### RECORDS FOR PROCESSING
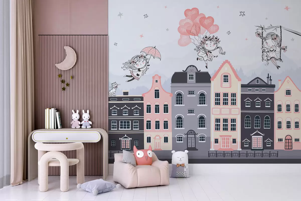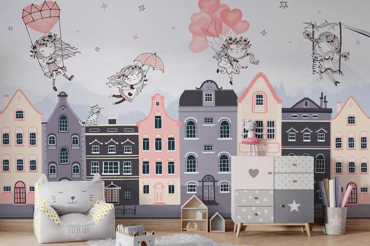 Papier peint Paysage urbain avec des filles mignonnes N° w04014
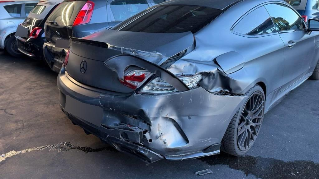 Auspuffanlage, Auspufftopf, C-Säule, Diverse Anbauteile, Heck, Heck links, Heck rechts, Heckblech, Heckdeckel, Kofferraumboden, Längsträger hinten links, Längsträger hinten rechts, Rad hinten links, Rad hinten rechts, Rad vorne links, Rad vorne rechts, Rücklicht links, Rücklicht rechts, Seite links, Seite rechts, Seitenwand links, Seitenwand rechts, Stossstange hinten
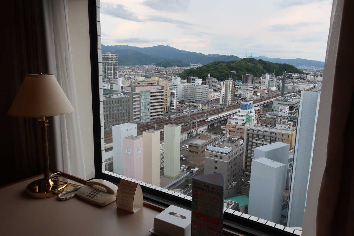 静岡駅の両サイドにある2大ホテルのうちの1つ、グランヒルズ静岡に泊まりました、そこから眺める景色は圧巻だった!
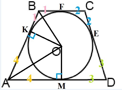 Пусть ABCD - трапеция, в которую вписана окружность с центром в т. О. Радиус окружности можно вычислить с помощью отрезков, на которые точка касания окружности делит боковую сторону трапеции.
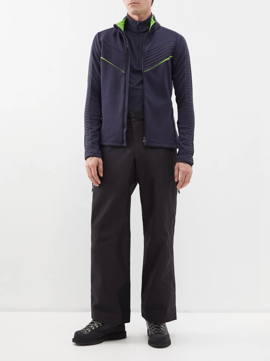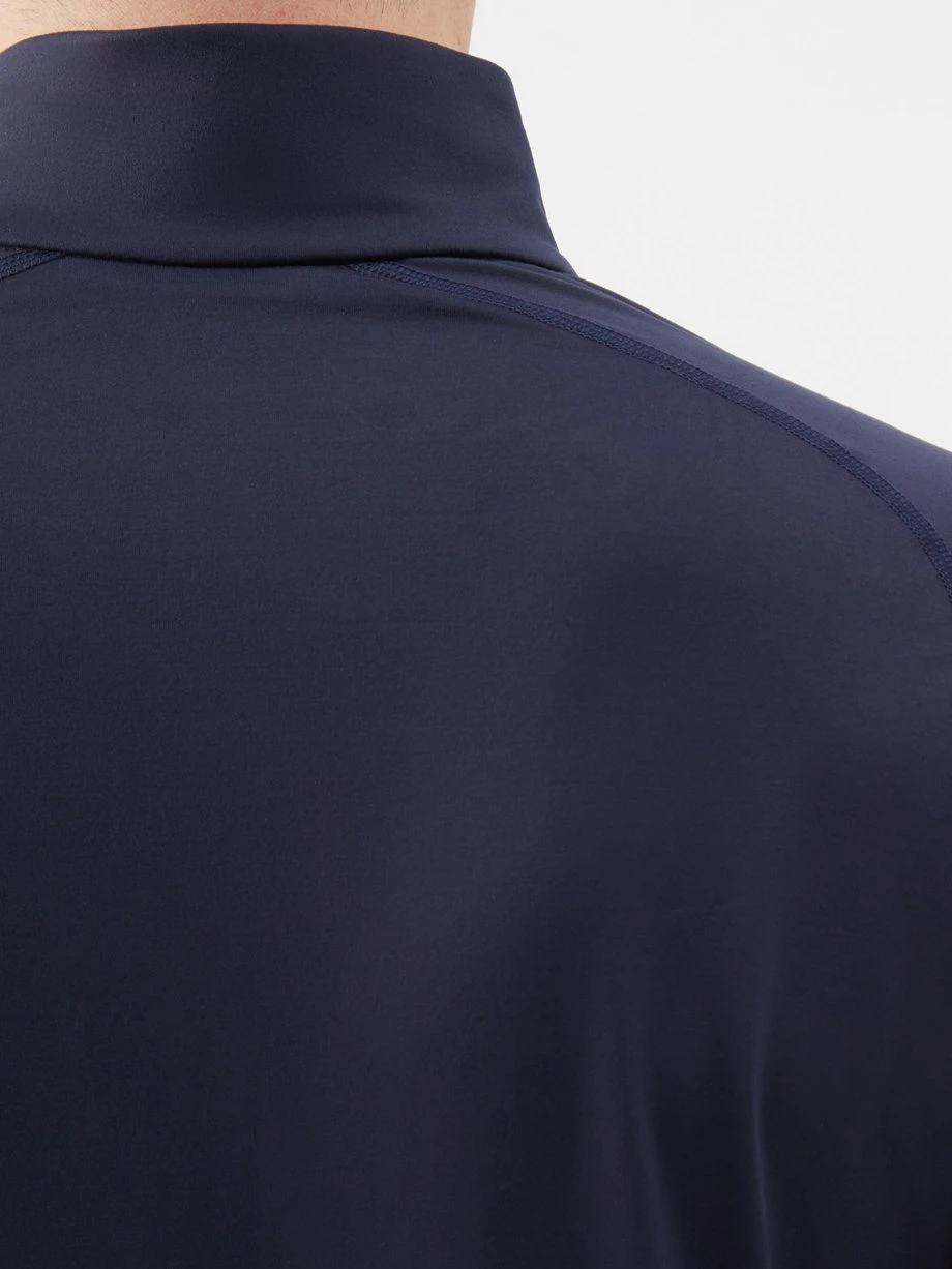 KJUS uses lightweight jersey with moisture-wicking, quick-drying and breathable properties to craft this navy mid-layer Feel top, cut to a slim fit for easy layering. It is fitted with raglan sleeves, a waterproof chin guard and flat seams to allow for ultimate comfort on the slopes.

### HOW TO COMPLETE THIS TASK
Could you output the entire listing verbatim while omitting its pictures?

### YOUR SOLUTION
 Papier peint Paysage urbain avec des filles mignonnes N° w04014
 Auspuffanlage, Auspufftopf, C-Säule, Diverse Anbauteile, Heck, Heck links, Heck rechts, Heckblech, Heckdeckel, Kofferraumboden, Längsträger hinten links, Längsträger hinten rechts, Rad hinten links, Rad hinten rechts, Rad vorne links, Rad vorne rechts, Rücklicht links, Rücklicht rechts, Seite links, Seite rechts, Seitenwand links, Seitenwand rechts, Stossstange hinten
 静岡駅の両サイドにある2大ホテルのうちの1つ、グランヒルズ静岡に泊まりました、そこから眺める景色は圧巻だった!
 Пусть ABCD - трапеция, в которую вписана окружность с центром в т. О. Радиус окружности можно вычислить с помощью отрезков, на которые точка касания окружности делит боковую сторону трапеции.
 KJUS uses lightweight jersey with moisture-wicking, quick-drying and breathable properties to craft this navy mid-layer Feel top, cut to a slim fit for easy layering. It is fitted with raglan sleeves, a waterproof chin guard and flat seams to allow for ultimate comfort on the slopes.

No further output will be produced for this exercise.